Whilst we live in such revolutionary times of change, there could be a better chance of men's rights activists in pushing forward some of the changes they would like to see. It seems to me that, whilst the banking systems are clearly in need of reform, the public in general is placing too much of the blame at the feet of the banks, and not enough blame on government overspending. The fact is that the Western countries are in trouble because they have been borrowing too much. The money that government spends, in the UK for example, on Welfare payments to single-mother-by-choice, on generous salaries and pensions to its own public-sector-employed staff (many of whom are in 'political' positions, forwarding a leftist, radical agenda, as opposed to doing practical, useful work), and in engaging in pre-emptory wars, far far exceeds that which they've spent on saving the banks. We need to start putting the case forward for reform to taxpayer's spending on these areas.

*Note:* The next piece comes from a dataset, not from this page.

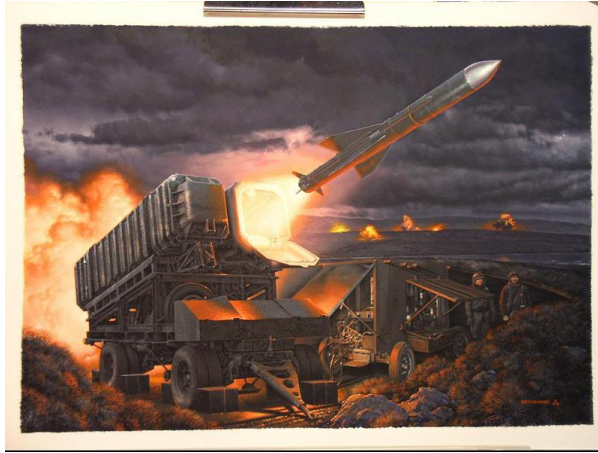
Artistic rendering of the launch of an Exocet by the ITB . 29

At the same time, however, Tokyo is reinforcing the SDF, as one of the pillars in its strategy to strengthen Japan's position in the western Pacific while striving to avoid an open conflict with East Asia. Within this pillar, the development of an amphibious capability is most significant, in particular when taken together with the entry into Japanese political discourse of references to the Falklands. Better amphibious capabilities, while necessary for military deterrence, are also connected to other aspects of Japanese foreign policy, such as humanitarian assistance. As shown recently in the Philippines, platforms such as amphibious assault ships and light carriers are very useful for rapid distribution of humanitarian aid and providing medical attention to survivors in areas with little or destroyed infrastructure and transportation networks.

Tuesday, September 20, 2011

Misandry, the white feather campaign and World War 1

If the work of our finest War Poets is anything to go by, the target of their resentment was not so much the men at home as the women.

And yet feminists still manage to convince everyone that it was women who were uniquely oppressed in the past.

"The “feather girls” shared this delusion that the Great War was some glorious game. It was easy for them to accuse others of cowardice, knowing that they would never be forced to prove their own bravery."